Re: [blogite] SmartReferer 0.1.2

Date view Thread view Subject view Author view Attachment view

From: Ian Hickson (ian@hixie.ch)
Date: Sun Dec 29 2002 - 04:41:43 GMT


On Sat, 28 Dec 2002, lenz wrote:
>
> 1. There should not really be a lot of 404's.
> A (single) 404 error is generated at most when a non-SR sender site links
> to a SR receiver site, no matter how many users traverse that link. Though
> not required, the best SR implementations will avoid repeately querying a
> site that is a known non-SR sender host.

Granted, the problem is not as serious as the favicon.ico or /P3P issue.
However, experience has shown that solutions that assume a fixed URI are
met with ridicule from the Web coommunity. I strongly recommend avoiding
such schemes.

> 2. The autodiscovery process based on a single URL is very poor design.
> The delegation system implicit in SR ports makes it easy to delegate SR
> ports on any system. The SR base port needs not describe any resource in
> the given site, but tells you where to find a correct SR port for the given
> resource.

Even once this specification is widely deployed, there will still be close
to zero chance that a site like geocities.com will be setting up an XML
file to redirect to all their subdirectories. While the specification is
in its infancy, there is no chance.

In my opinion, that is a problem that the specification must solve.

> I am thinking about some sort of standard GET parameter to append to an
> HTTP GET request, but I'm not sure yet.

What is wrong with the Pingback mechanism? (Fetch the resource URI, and
examine the result for either an HTTP header or a particular <link>
element.)

> 3. Case-insensitive longest matching subsequence
> URIs are not case-sensitive on - at least - Win/IIS systems.

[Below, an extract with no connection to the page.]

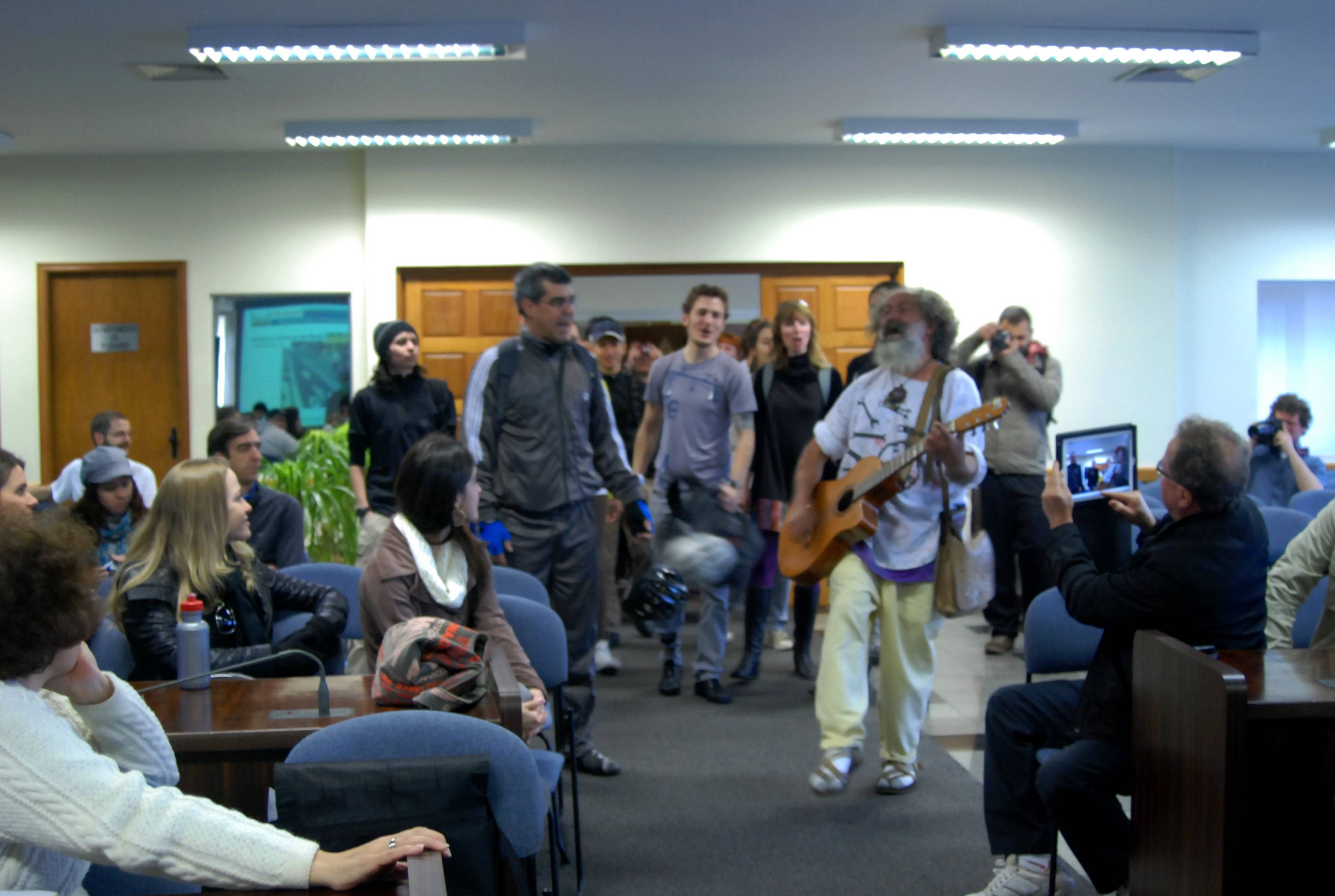 O seminário “Mobilidade Curitiba: A Revolução das bicicletas!”, organizado por iniciativa do vereador Jonny Stica (PT), rendeu palestras e debates durante mais de três horas. Mas, apesar da participação de especialistas em mobilidade, urbanistas, representantes do Ministério das Cidades, Ippuc e da Prefeitura de São Paulo, o ponto alto do evento foi quando cerca de 40 ciclistas “invadiram” o Plenário, interrompendo uma das palestras com canções de protesto exigindo políticas para a bicicleta em Curitiba.

URIs are _by definition_ case sensitive. That a particular Web server
happens to consider all case variants of a URI as pointing to the same
resource does not change this.

> As of 0.1.2, all DOMAIN tags are thought of as being subdirectories:
> http://foo/bar and http://foo/bar/ are considered exactly alike and won't
> match http://foo/barcode.php

That is technically a violation of the URI specs, I believe. According to
the HTTP and HTTP URI specs,

   http://example.com/foo
   http://example.com/foo/

...are distinct URIs pointing to distinct resources. (The first typically
results in a 301 redirect to the second.)

> Let's see how SR handles the following case in a real-life situation. As
> you say, you can have a number of different sligthly different referers, like:
>
> http://example.org
> http://example.org/
> http://www.example.org/
> http://www.example.org/index.html
> http://example.org/?lastModified=2089420986
>
> I agree with you - the easiest and most logical way to obtain information
> would be to query the URI itself. But this means any URI of our website
> must be equipped with the ability to answer such question, and this means
> that such information is redundant. I don't want to change my existing
> PHP-Nuke setup, and don't want to edit anything. So IMHO this is not the
> way to go if you want to offer a low cost - simple conversion method.

I disagree -- adding Pingback support to all 40 of my domains and
subdomains took no more than a _single_ line in a _single_ configuration
file. You don't need to make each file know information about itself, you
only need to make each file be able to point to a referrer authentication
server or file.

> The second way to go would be to query a central repository for the SR
> port.

Avoid centralisation at all costs.

> [...] SR base port [...]

I feel I should point out again that these files are neither "smart",
"base", nor "ports" -- each time I read that term I feel like correcting
it. :-)

Smart implies some live code, which you explicitly want this system to
avoid, and a port is a term already used in an HTTP context to mean the
TCP port of the connection. The term "base" is also already overloaded,
especially in a URI context (it typically refers to the absolute URI from
which a relative URI should be resolved).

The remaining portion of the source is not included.